Stress / Load / Performance
- Can you deploy 10 servers simultaneously? What about 10000?
- How long does it take to deploy the infrastructure? Is 1 hour acceptable? What if 10 minutes is too long?
- Did anyone even define these requirements?
- Do you track any of the performance metrics?
- Do you take any user input? Can a malicious user infect other users? Steal their passwords? Admin password?
- Do you store sensitive data in your Jenkins jobs? Where do you store them securely?
- How will you prevent users from committing their AWS credentials to public repositories?
- Do you remove all access when terminating employees?
- Do you use access control? Do you audit user actions? Should you?
- Who is really implementing security? Can a single engineer misconfigure firewall on all your production servers?
- Do you have enough logging to know why something went wrong? Do all 3rd party tools have enough logging?
- Where are your logs?
- Do you have alerts / notifications in place?
- What are the configuration options for your jobs?
- What documentation do you need? Do you have enough if somebody decides to leave abruptly or falls under a bus?
- Any public-facing documentation you want to / have to share?
Adoption / Metrics and Instrumentation
- Any metrics you want to track?
- Do you need to add instrumentation to the jobs to know where the bottlenecks are?
Upgrade / Rollback
- How will you test new versions of the tools? Are you ready to roll them back? Will they work after rollback?
- What is your must-have vs nice-to-have? What tools depend on each other?

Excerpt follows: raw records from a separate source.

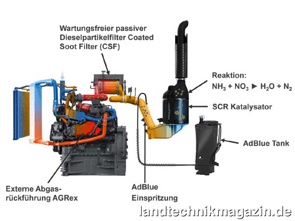 Um bei den neuen 800 und 900 Vario Traktoren die Abgasnorm EU Stufe 4/Tier 4 final einzuhalten, setzt Fendt eine Kombination aus SCR und passivem Dieselpartikelfilter (DPF) ein. Bei diesem Partikelfilter erfolgt die passive Regeneration ohne zusätzliche Einspritzung von Kraftstoff im Abgasstrang.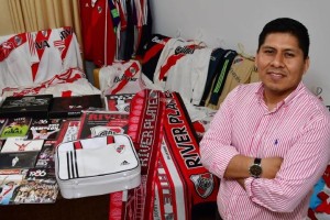 Carlos Coa tiene 38 años y desde hace 25 que colecciona camisetas, revistas, bufandas y cualquier artículo que tenga una banda roja. En su casa del barrio San Juan de Lurigancho tiene la envidia de cualquier hincha de River.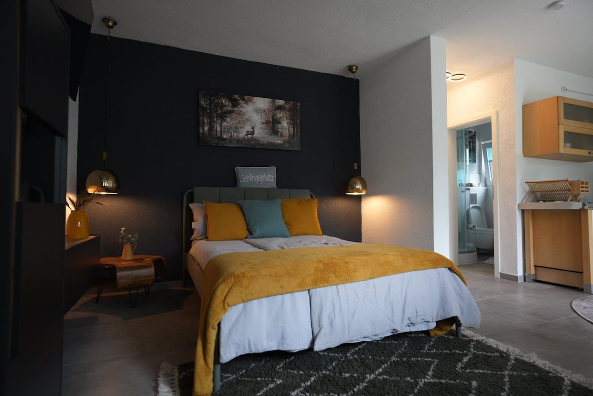 Üdvözöllek a MENTÁBAN és ebben a fényűző lakásban, amely mindent kínál egy nagyszerű rövid vagy hosszú távú tartózkodáshoz Dortmundban: → Ingyenes parkolás saját parkolóhelyen → Teljesen felszerelt konyha mindennel, amire szükséged van → Intelligens TV és munkaterület Wi-Fi-vel → kényelmes franciaágy → TASSIMO KÁVÉ → Kiváló kapcsolat, közvetlenül a metró mellett
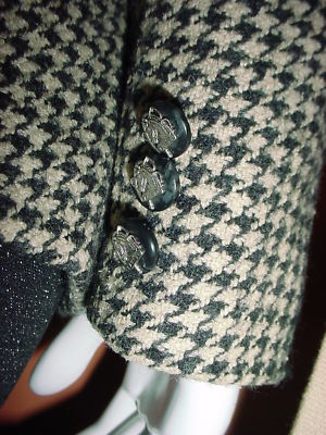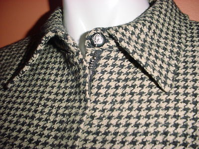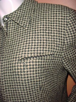 Luxury blend - Wool and Silk in classy Houndstooth pattern ! Dark brown and beige colors, zipper front closure, 3 pockets, horse / logo buttons, fully lined. Mint condition - lining on one sleeve been sewed back, otherwise great condition.

- Can you define phases of your DevOps toolchain deployment?
- Have you identified all the resources you need for testing?
- Environmental resources like hardware, and software that you need?
- What about licenses? Any legal review of these needed?
- Are you well staffed? Any training your engineers need?
- Documentation, artifacts… what else do you need to deliver?
Vendor / 3rd party
- When working with a vendor on your DevOps implementation: how much would you want them to test vs you? What is their testing strategy? How much testing overlap should happen? What to they need to deliver?
Definition of done
- When can you tell you are happy with the testing of the DevOps toolchain?
- Do you need to sign off? Who else signs off?
These are just some initial thoughts. What do you think of these? What’s missing?